• TASK ITEM
The records below must be written out exactly, with every picture left behind.
-----
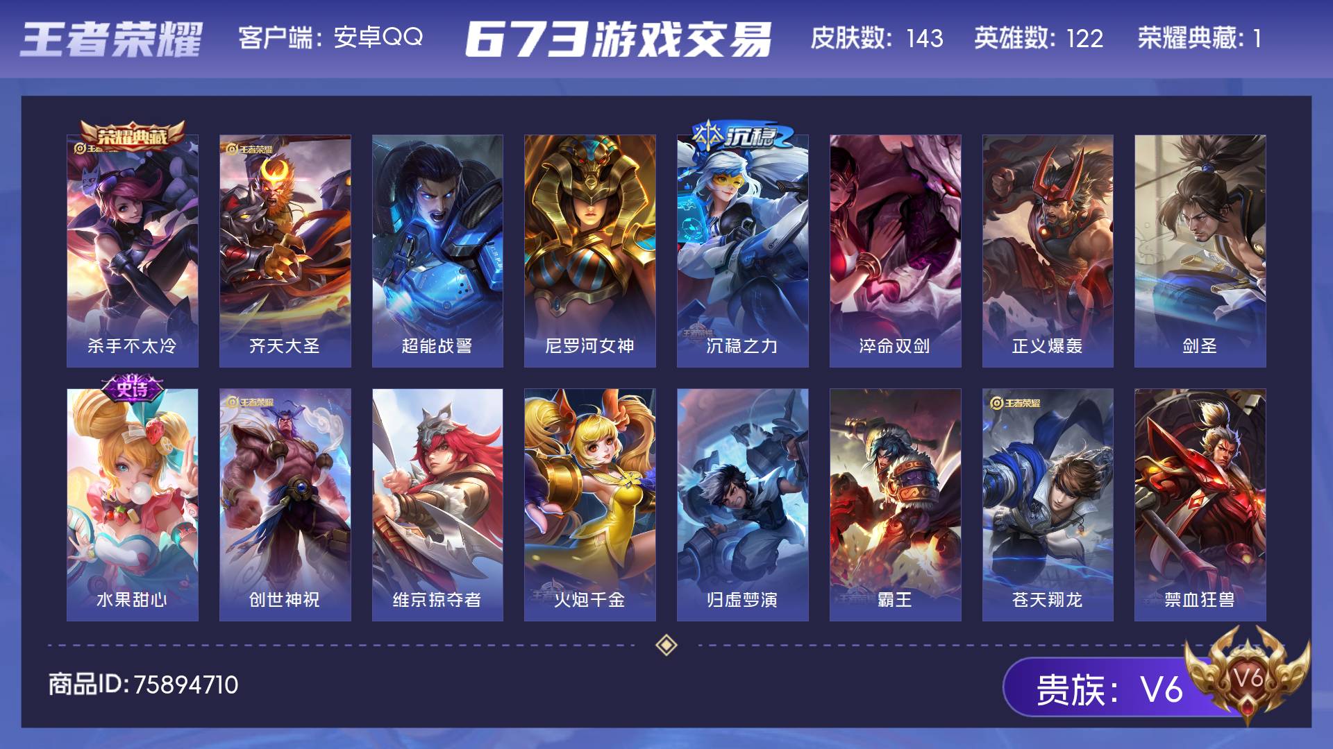 V6 皮肤143 英雄122 尊贵铂金 荣耀典藏1 传说1 其他皮肤148
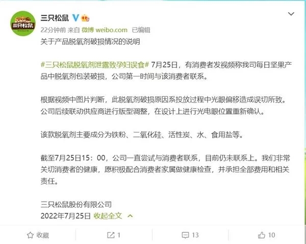 7月25日消息,一位顧客發(fā)視頻稱懷孕的老婆吃了半包三只松鼠堅(jiān)果后,發(fā)現(xiàn)食品袋中的脫氧劑泄露。對(duì)此,三只松鼠稱此脫氧劑破損原因系投進(jìn)過(guò)程中光眼偏移形成誤切所造成的。
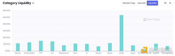 在去除掉清洗交易后进行计算,过去一年流动性最好的类别为实用 NFT(utility) ,流动性 533.74%;而流动性最差的为域名 NFT(Domain Name),仅为 25%。
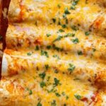 Cover the dish with aluminum foil and bake for 15 minutes to heat through and melt the cheese underneath. Then uncover and return to the oven for an additional 10 minutes, allowing the cheese to bubble and brown slightly. Once finished, your enchiladas will be piping hot, gooey, and absolutely delicious.
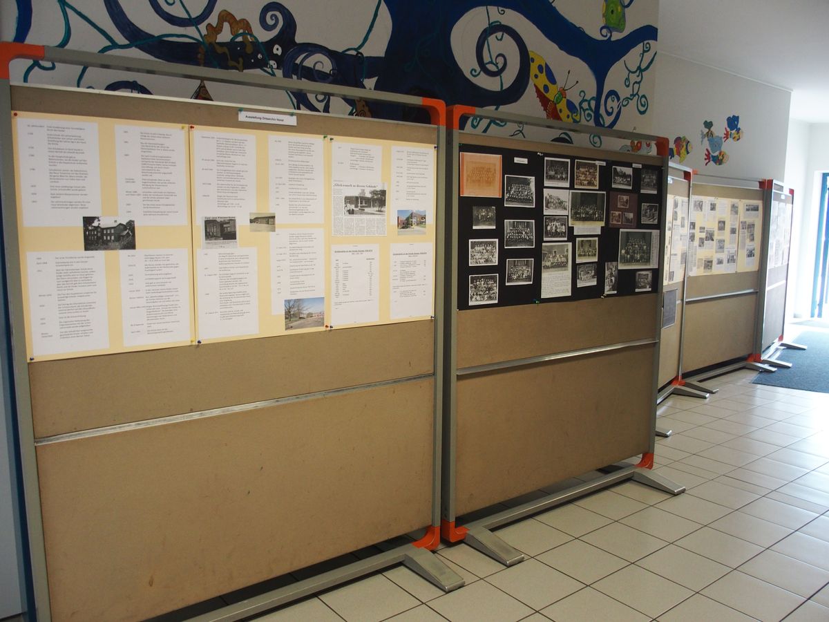 Auf mehreren Plakaten wurde die Entwicklung des Horster Schulwesens vom 16. Jahrhundert bis ins Jahr 2011 beschrieben.
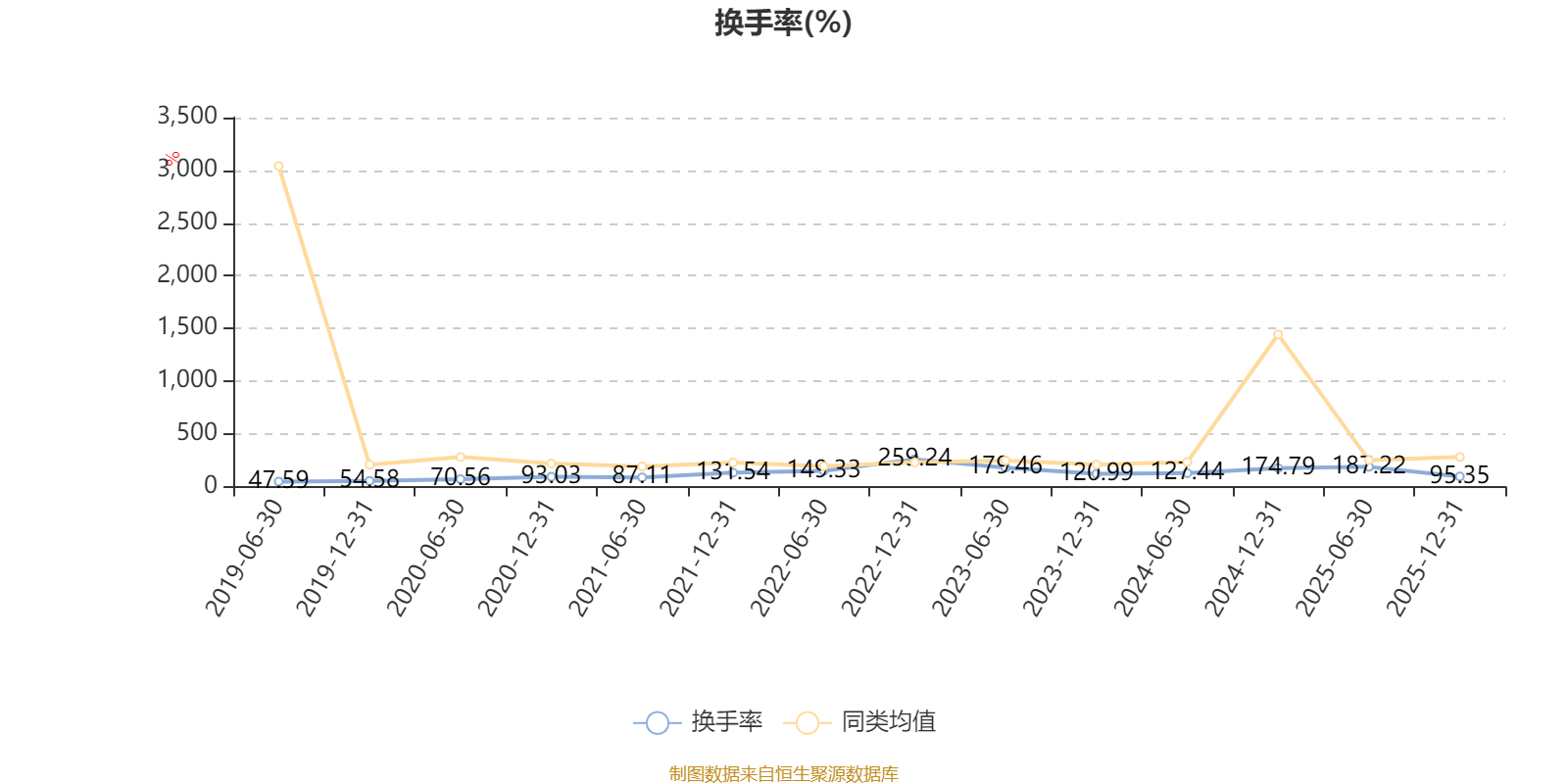 截至2025年12月31日,基金最近一年换手率约279.36%,持续3年低于同类均值。
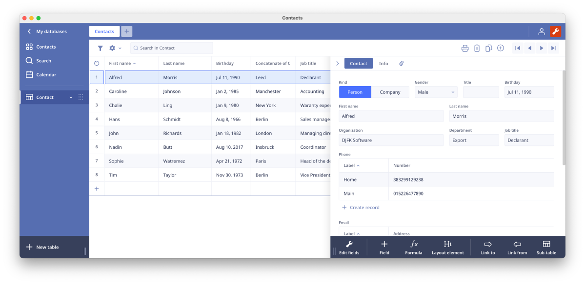La première fonctionnalité majeure de Ninox est sa capacité à créer des bases de données personnalisées grâce à une interface intuitive et un modèle low-code. Les utilisateurs peuvent définir des tables, des relations et des vues avec une grande liberté et sans coder.
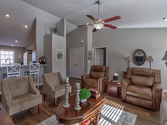 Nestled in a quiet neighborhood on Evansville’s east side, this beautifully maintained and ADA compliant three bedroom, two bathroom home offers a perfect blend of comfort and convenience. Vaulted ceilings and large windows fill the home with natural light, enhancing the open and airy feel throughout the living room and kitchen. The eat-in kitchen is equipped with stainless steel appliances, and the main floor laundry room adds to the home's practicality. This home features a spacious primary suite with a walk-in closet and en-suite bathroom, while two additional bedrooms share a second full bath. This energy-efficient home features a tankless water heater and an insulated garage door, ensuring the attached two-car garage remains efficient throughout the year. Outside, an open deck provides an ideal space for relaxation or entertaining.
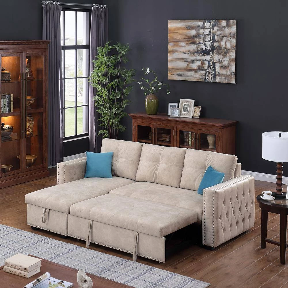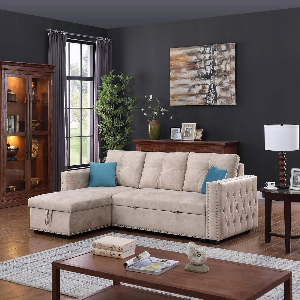 This sofa easily converts to a pull-out sleeper, offer extra space for overnight guests. When not sleep need, you can use it as a sectional sofa, the chaise features hidden storage,it also can be configured as right or left side placement based on the needs of your space, classic L shape sectional sofa is a great charming to your living room. It brings elegant style to your living room and blending well with any home decor.
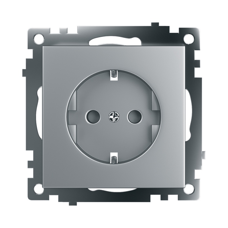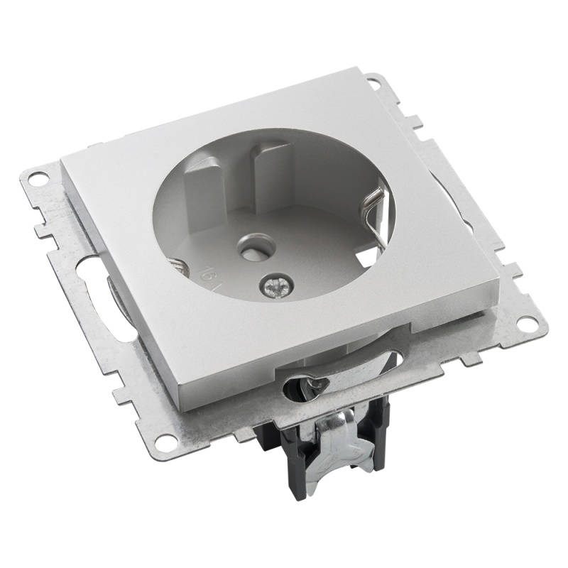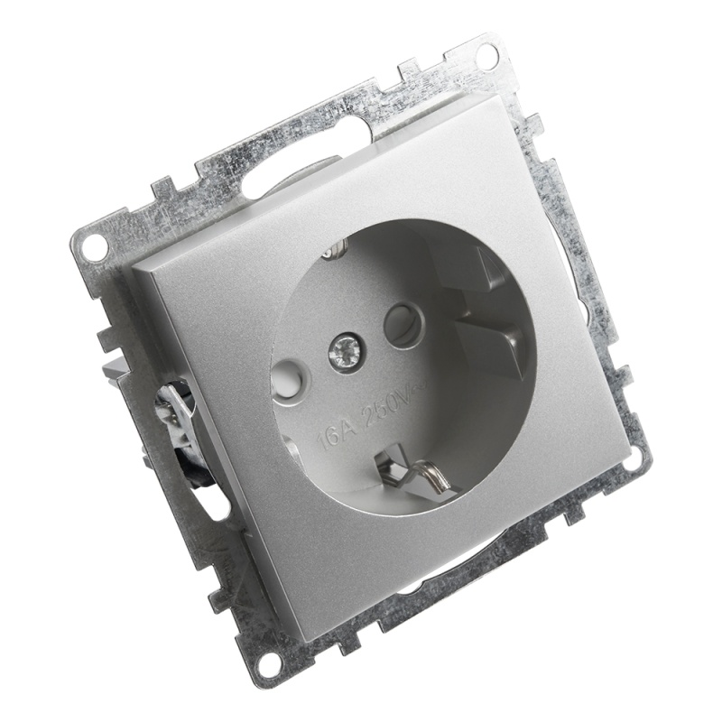 Характеристики Розетка 1-местная с/з (механизм), STEKKER GLS16-7110-03, 250В, 16А с защитной шторкой, серия Катрин, серебро
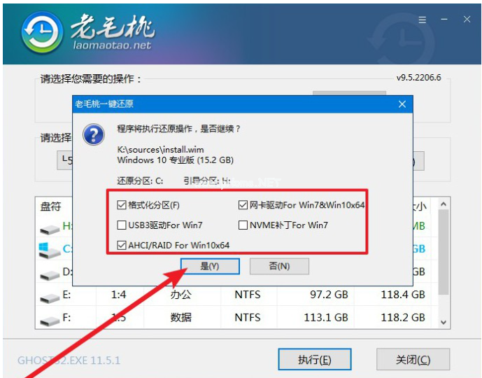 2、在一鍵還原窗口中,如無其他特別情況的話,建議默認設置,直接點擊“是”。
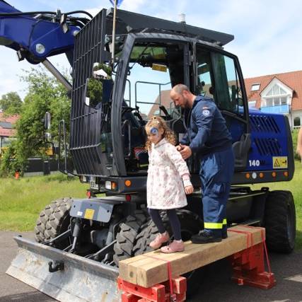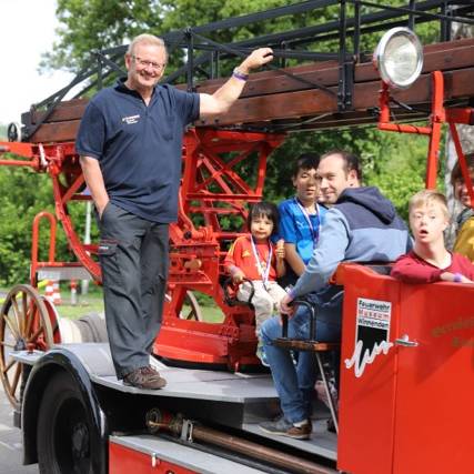 Pünktlich um 13:00 Uhr erschienen auch Batman, Superman und Superwoman,die wunderschöne Cinderella samt der bezaubernden Guten Fee. Besonders beliebte Stars waren auch das Maskottchen Flori der Feuerwehr und die historische Drehleiter Baujahr 1938, mit der Rundfahrten gemacht werden konnten.
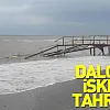 Alaçam ilçesinde olumsuz hava koşulları nedeniyle oluşan dalgalar Geyikkoşan sahilindeki iskeleyi tahrip etti.
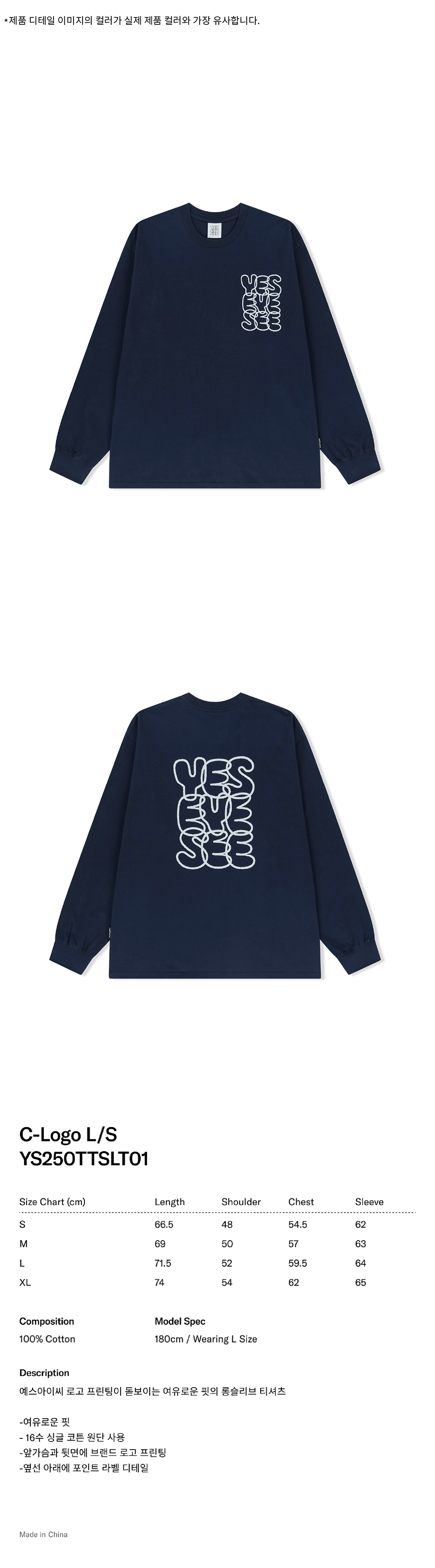 예스아이씨 씨로고 롱슬리브 네이비
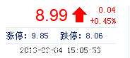 | 最 高: | 9.16 | 成交额: | 9367.65万元 | 换手率: | 5.40% |
-----
• OUTPUT FOR THIS EXERCISE
 V6 皮肤143 英雄122 尊贵铂金 荣耀典藏1 传说1 其他皮肤148
 7月25日消息,一位顧客發(fā)視頻稱懷孕的老婆吃了半包三只松鼠堅(jiān)果后,發(fā)現(xiàn)食品袋中的脫氧劑泄露。對(duì)此,三只松鼠稱此脫氧劑破損原因系投進(jìn)過(guò)程中光眼偏移形成誤切所造成的。
 在去除掉清洗交易后进行计算,过去一年流动性最好的类别为实用 NFT(utility) ,流动性 533.74%;而流动性最差的为域名 NFT(Domain Name),仅为 25%。
 Cover the dish with aluminum foil and bake for 15 minutes to heat through and melt the cheese underneath. Then uncover and return to the oven for an additional 10 minutes, allowing the cheese to bubble and brown slightly. Once finished, your enchiladas will be piping hot, gooey, and absolutely delicious.
 Auf mehreren Plakaten wurde die Entwicklung des Horster Schulwesens vom 16. Jahrhundert bis ins Jahr 2011 beschrieben.
 截至2025年12月31日,基金最近一年换手率约279.36%,持续3年低于同类均值。
La première fonctionnalité majeure de Ninox est sa capacité à créer des bases de données personnalisées grâce à une interface intuitive et un modèle low-code. Les utilisateurs peuvent définir des tables, des relations et des vues avec une grande liberté et sans coder.
 Nestled in a quiet neighborhood on Evansville’s east side, this beautifully maintained and ADA compliant three bedroom, two bathroom home offers a perfect blend of comfort and convenience. Vaulted ceilings and large windows fill the home with natural light, enhancing the open and airy feel throughout the living room and kitchen. The eat-in kitchen is equipped with stainless steel appliances, and the main floor laundry room adds to the home's practicality. This home features a spacious primary suite with a walk-in closet and en-suite bathroom, while two additional bedrooms share a second full bath. This energy-efficient home features a tankless water heater and an insulated garage door, ensuring the attached two-car garage remains efficient throughout the year. Outside, an open deck provides an ideal space for relaxation or entertaining.
 This sofa easily converts to a pull-out sleeper, offer extra space for overnight guests. When not sleep need, you can use it as a sectional sofa, the chaise features hidden storage,it also can be configured as right or left side placement based on the needs of your space, classic L shape sectional sofa is a great charming to your living room. It brings elegant style to your living room and blending well with any home decor.
 Характеристики Розетка 1-местная с/з (механизм), STEKKER GLS16-7110-03, 250В, 16А с защитной шторкой, серия Катрин, серебро
 2、在一鍵還原窗口中,如無其他特別情況的話,建議默認設置,直接點擊“是”。
 Pünktlich um 13:00 Uhr erschienen auch Batman, Superman und Superwoman,die wunderschöne Cinderella samt der bezaubernden Guten Fee. Besonders beliebte Stars waren auch das Maskottchen Flori der Feuerwehr und die historische Drehleiter Baujahr 1938, mit der Rundfahrten gemacht werden konnten.
 Alaçam ilçesinde olumsuz hava koşulları nedeniyle oluşan dalgalar Geyikkoşan sahilindeki iskeleyi tahrip etti.
 예스아이씨 씨로고 롱슬리브 네이비
 | 最 高: | 9.16 | 成交额: | 9367.65万元 | 换手率: | 5.40% |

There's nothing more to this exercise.